When one says “social system,” as this author actually does, do you think he arbitrarily excludes people below a certain pay grade?
Author distinguishes corporation from employees in following sentence, so managers likely refers to employers which employ the employees. Employees are those who are employed by employers, the managers are those employers.
Is your interpretation of the author’s argument that Person B and all of her superiors hold the same objective of improving the quality of their work life, but that Person A does not hold this as their objective?
When the author states "the principal function of most corporations is not to maximize shareholder value, but to maximize the standard of living and quality of work life of those who manage the corporation", the author was implying that this is wrong.

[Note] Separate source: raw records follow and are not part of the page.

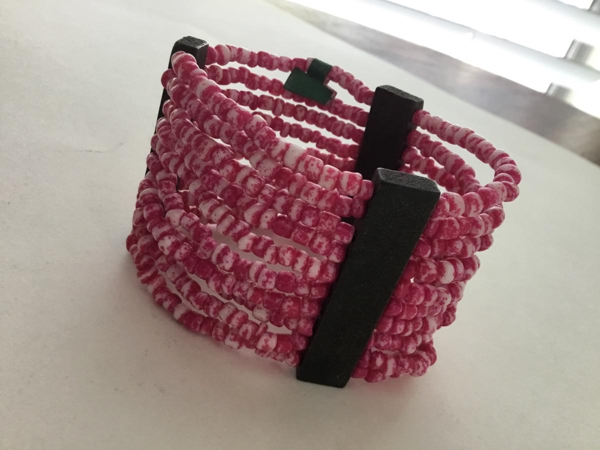 Pink beaded stretchy fashion bracelet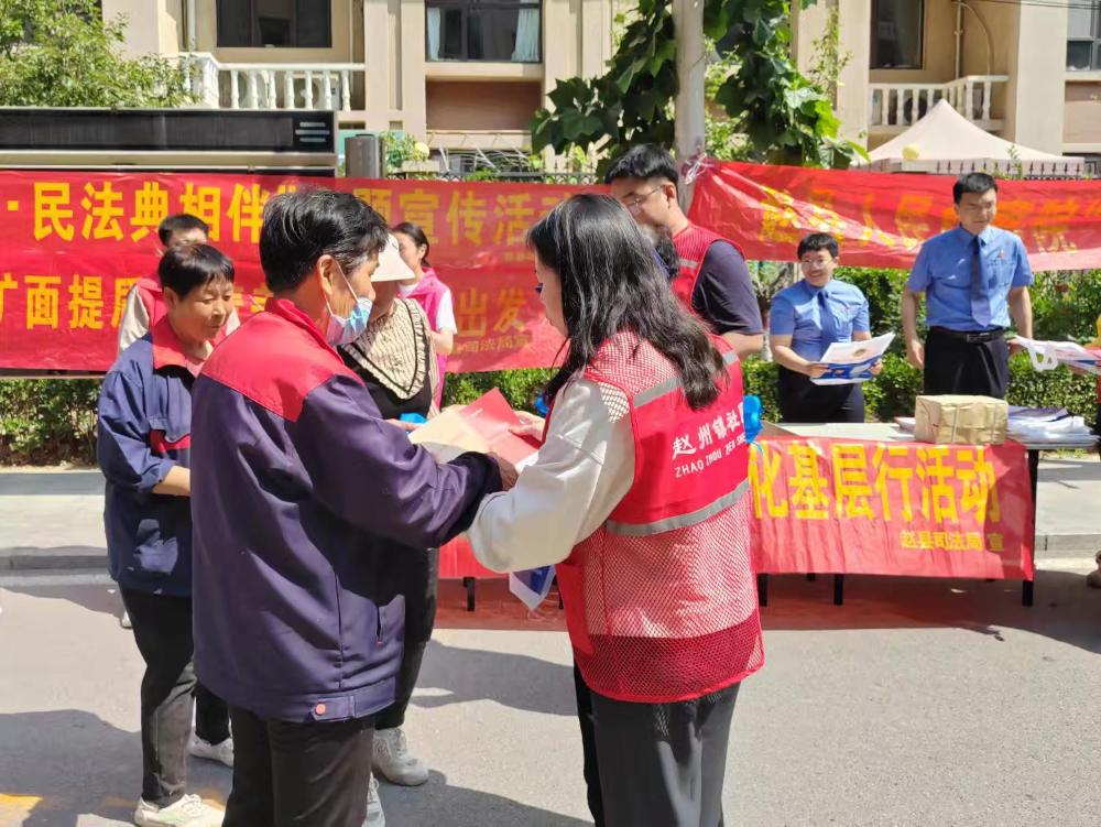 此次活动共发放法治宣传资料600余份,解答群众法律咨询20余人次,进一步扩大了《中华人民共和国民法典》知晓度,丰富了居民的法治文化生活,切实让民法典走到群众身边、走进群众心里。下一步,赵县司法局将不断创新普法宣传形式,开展形式多样的民法典宣传活动,积极营造尊法、学法、守法、用法的良好法治氛围。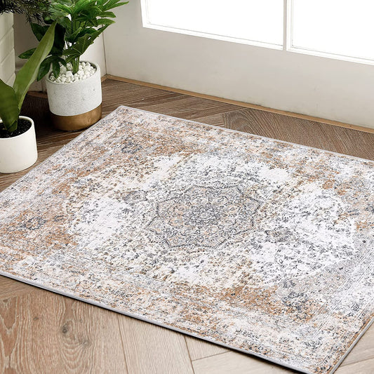 Jinchan Vintage Distressed Medallion Grey Foldable Living Room Area Rug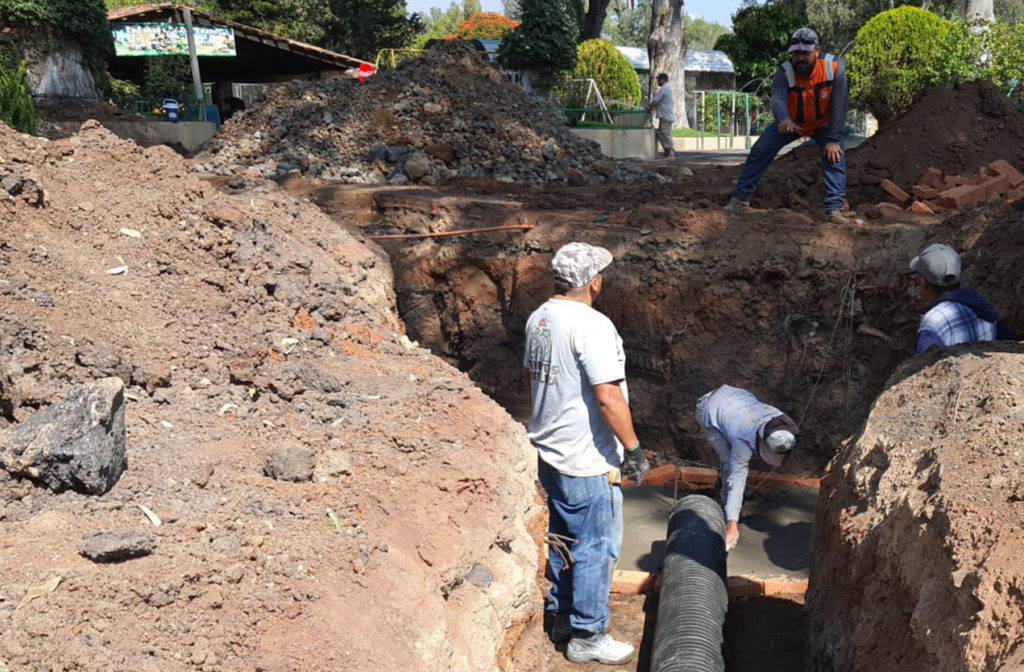 Mientras que con una inversión de 736 mil 169 pesos se realizan los trabajos de drenaje en la parte norte del Zoológico con el propósito de desahogar el agua gris de los albergues, mismo que cuenta con tubería de 10 pulgadas al inicio y 20 pulgadas al terminar, a fin de facilitar su desemboque. La obra comprende una longitud de 275 metros lineales y contempla la elaboración de tres pozos de visita con una profundidad de tres metros.

They then stated that "Employees have a much larger investment in most corporations than their shareholders. Corporations should be maximizing stakeholder, not shareholder, value to employees, customers, and shareholders."
Thus the author semantically implies that "employees" are a separate group of persons from "those who manage the corporations". If employees and "those who manage the corporation" were the same group of persons or part of the system, then it would not have been necessary for the author to claim that corporations should also maximize value for employees, they would have only mentioned customers as the excluded group of stakeholders.
I did reread that part and I was clearly wrong. You are absolutely correct, it refers to a wider category.
Now I kinda want to take person up the comment chain on their bet.
The entire basis of their analysis is that these arbitrary distinctions people propagate in common parlance are not real.